Significant Decision

Date: 

May 1, 1993

Issues: 

Unavailable

Table of Contents

APD 93208

This appeal arises under the Texas Workers’ Compensation Act, TEX. REV. CIV. STAT. ANN. art. 8308-1.01 et seq. (Vernon Supp. 1993) (1989 Act). A contested case hearing was convened in (city), Texas, by (hearing officer), hearing officer, on September 17, 1992, and was continued until February 11, 1993, when it was concluded. The single disputed issue unresolved from the Benefit Review Conference (BRC) was whether respondent’s (claimant) inability to work and need for medical treatment after January 31, 1992, resulted from her (date of injury) compensable injury or were solely caused by a back injury sustained in an automobile accident on September 3, 1991. The parties stipulated that claimant suffered a compensable injury on (date of injury), as an employee of (employer). The hearing officer concluded that claimant established by a preponderance of the evidence that her (date of injury) back injury was a producing cause of her disability from February 1, 1992 to the date of the hearing officer’s decision, and decided that claimant was entitled to medical benefits effective (date of injury), and to unpaid temporary income benefits (TIBS) accruing from February 1, 1992, until such time as she no longer has disability under the 1989 Act or has reached maximum medical improvement (MMI). Appellant (carrier) challenges the sufficiency of the evidence to support the hearing officer’s legal conclusion and certain of its underlying factual findings. Claimant’s response urges our affirmance.

DECISION

Finding the evidence sufficient to support the challenged conclusion and findings, we affirm.

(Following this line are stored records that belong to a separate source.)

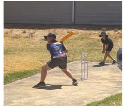
Ashes match in full flight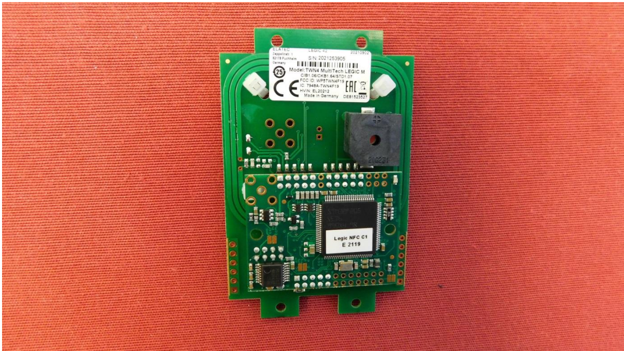
Item 1: Name plate of EUT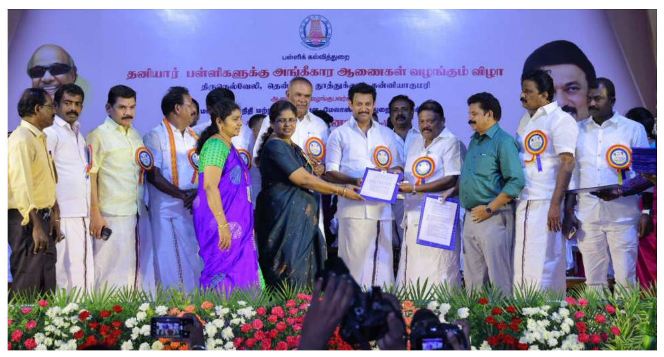
தனியார் பள்ளிகளுக்கு அங்கீகார ஆணைகள் வழங்கும் விழா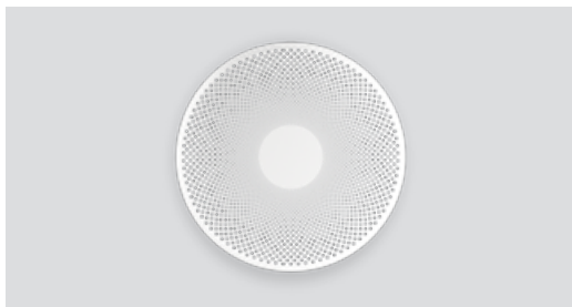
Glint wall white – Item no. 265

Claimant, the sole witness, testified that she had been a registered nurse for 30 years and had worked for employer for ten years in the cardiac care unit (CCU). Her work required her to lift and transport patients, and to move around rapidly in response to emergencies. In March 1986, claimant suffered a back injury involving a fractured vertebra when she fell off a chair at work. She said she recovered from that injury, returned to work at her regular duties two months later and eventually settled that case, although she had intermittent chiropractic treatment for back pain continuously thereafter. On (date of injury), claimant tripped over a chair at work and fell fracturing her coccyx and injuring her lower back. The parties stipulated that claimant suffered “a compensable injury” on (date of injury). Claimant’s treating doctor for her August 16th injuries was (Dr. GJ), an internist and her family doctor. She said Dr. GJ referred her to (Dr. MF), an orthopedist, whom she saw on August 20th. He released her to return to work effective August 26th but she was still having pain. On the morning of September 3, 1991, claimant was again seen by Dr. MF who advised her he would abide by Dr. GJ’s decision as to when she could return to work. Claimant had an appointment with Dr. GJ for later that day and expected that he would advise her she could return to work. However, she said that she was still having a lot of back pain from her August 16th injuries, as well as some difficulty walking, and that she did not expect to return to work at that time. On her way home from Dr. MF’s office, she was involved in an auto accident in which her car was struck from the rear. Claimant said that she received minor injuries in that accident including a cervical strain which required her to wear a neck collar for some time. She said her pain from her lower back injuries of August 16th were aggravated by that accident but that she did not sustain a back injury therefrom. Claimant was treated by Dr. GJ for her auto accident injuries for approximately one month, including physical therapy (PT), and said she fully recovered from the auto accident injuries, though she still had pain from her fractured coccyx and lower back injury of August 16th. She said she would not have settled her auto accident case with the other driver’s insurer in January 1992 had she felt she still had medical problems from that accident.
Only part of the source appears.